Hemos oído este término cientos de veces, pero aún no tenemos muy claro de qué va. Y si lo supiéramos, ¿estaríamos dispuestos a practicarlo?

El objetivo de este “tipo” de sexo no es otro que el de aprovecharse del éxtasis en beneficio de nuestro cuerpo, utilizando la energía en la búsqueda del goce. Por tanto, no se trata aquí de desahogarse, al menos entendiendo como una  forma de liberación, sino de intercambiar energías entre los cuerpos de los amantes. Aquí reside la base del sexo tántrico.

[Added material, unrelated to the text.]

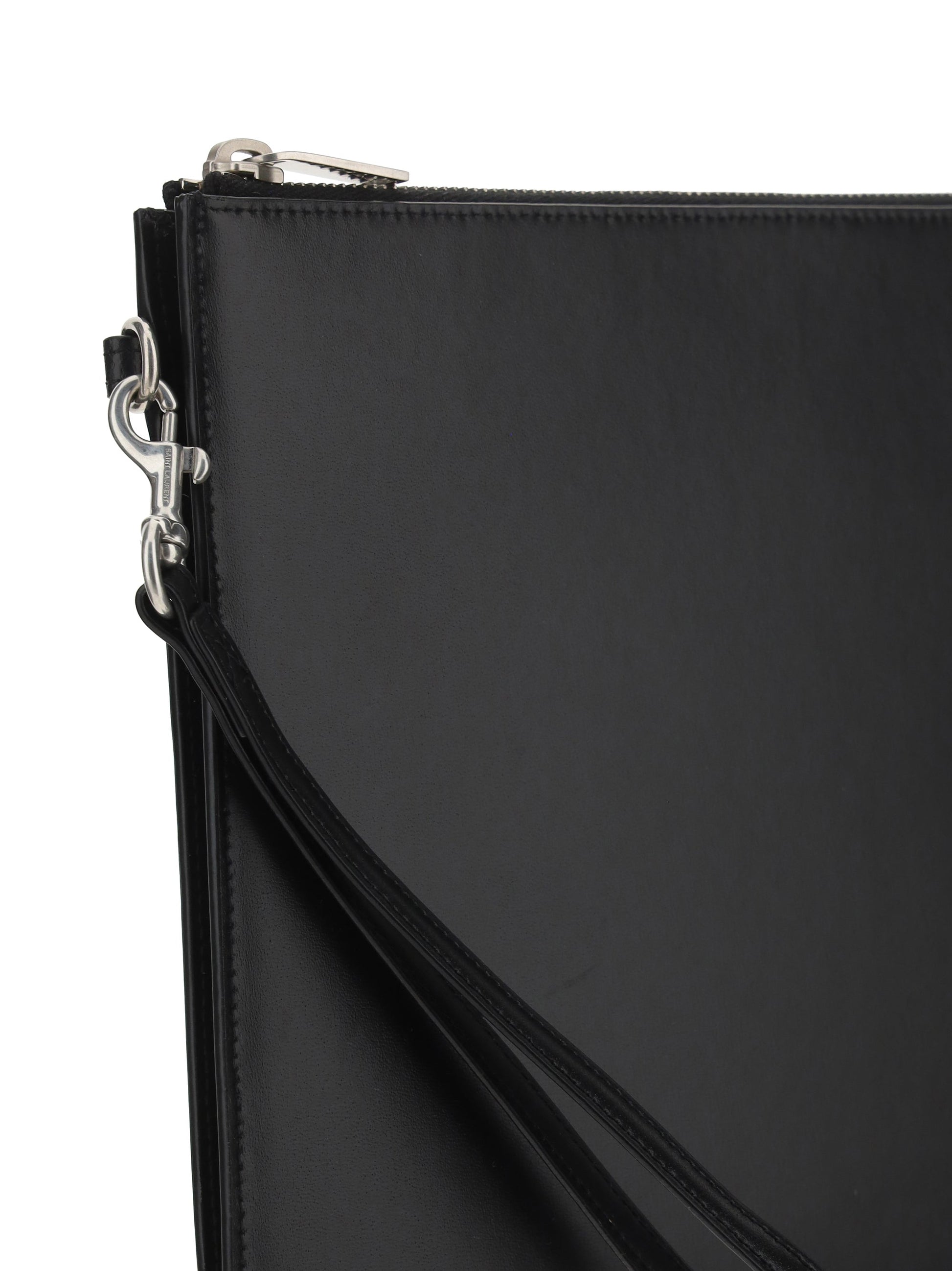 Leather iPad Holder by Saint Laurent, top zipper closure, internal card slot with brand logo inside, embossed brand logo on front, removable external strap.
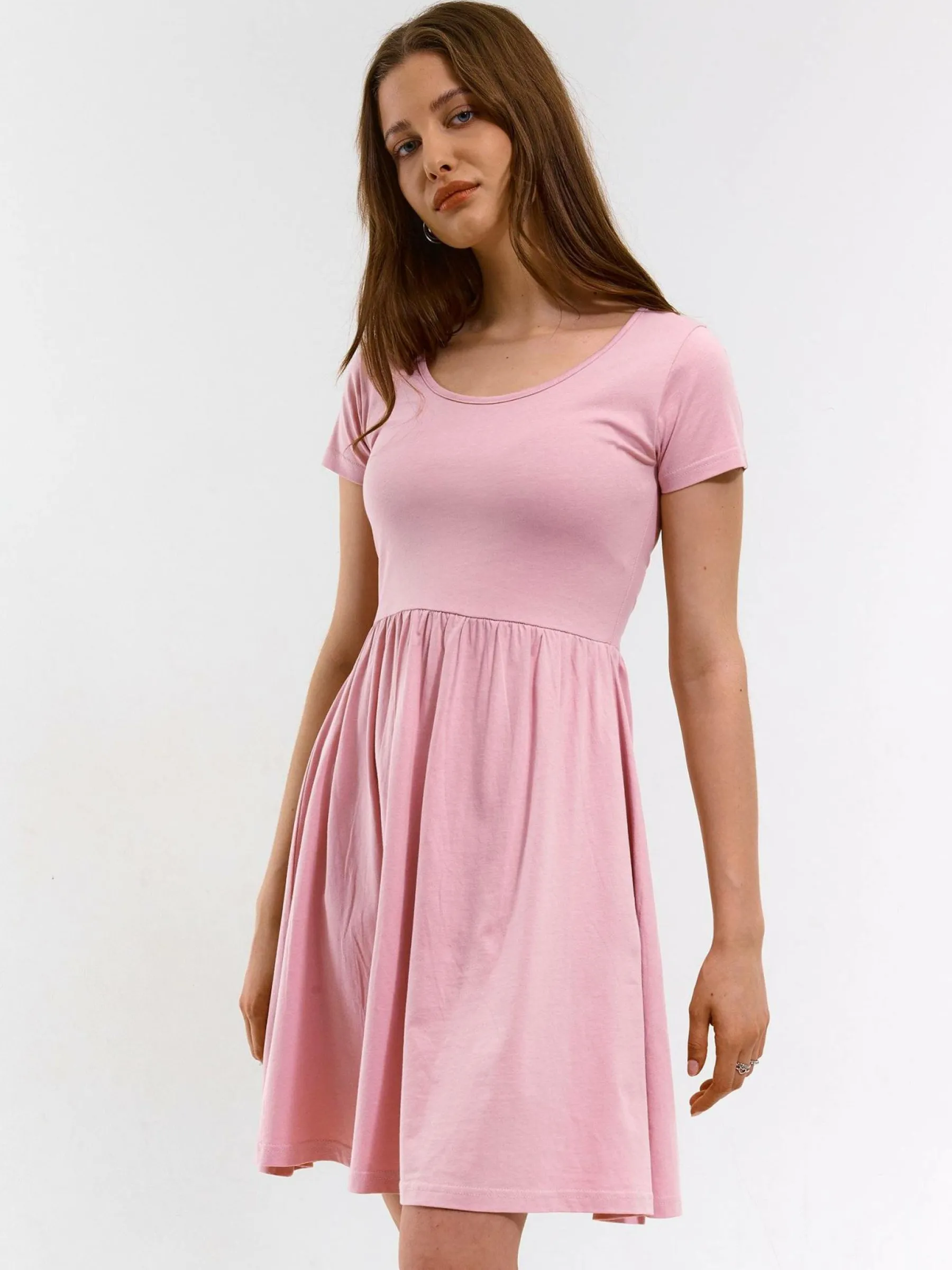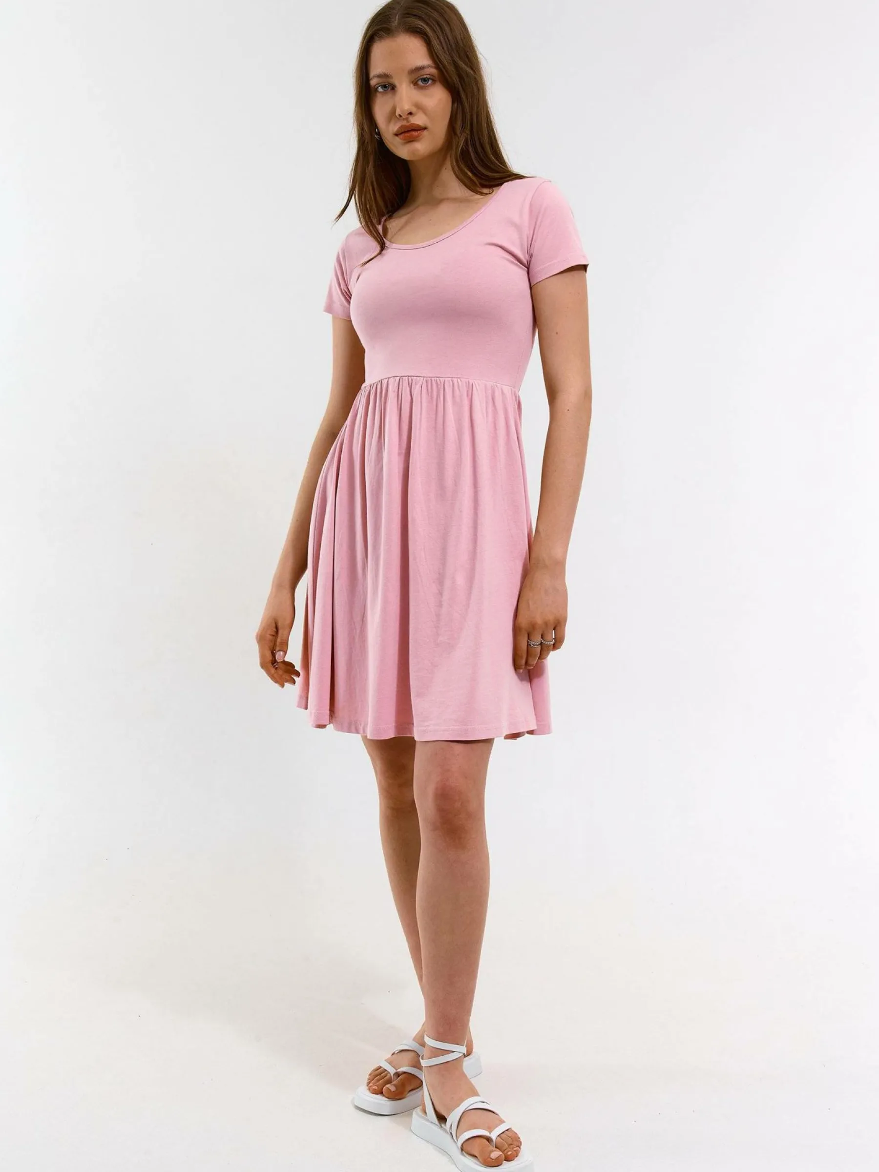 Kolor: różowyKrój: asyTyp: sukienkaRekaw: krótki rękawDługość: miniPattern style: pojedynczy kolorDetal: nad gł…

La principal diferencia respecto al sexo “tradicional” es palpable en el plano operativo, la eyaculación ha de contenerse en lugar de liberarse, para su transformación en una energía ascendente que activará “los siete chakras de la conciencia”. Para ello, es necesario que se dé una estimulación sensorial mutua en la pareja. El fin de este ejercicio es deshacerse de los incómodos tabúes y falsos mitos que giran en torno al sexo y transformarlos en placer lascivo. De esta forma se consigue alcanzar la armonía entre los amantes, pero de ninguna forma la liberación. Esta conexión mística pasa a originarse automáticamente con el tiempo, si el sexo tántrico se practica de manera consciente y virtuosa.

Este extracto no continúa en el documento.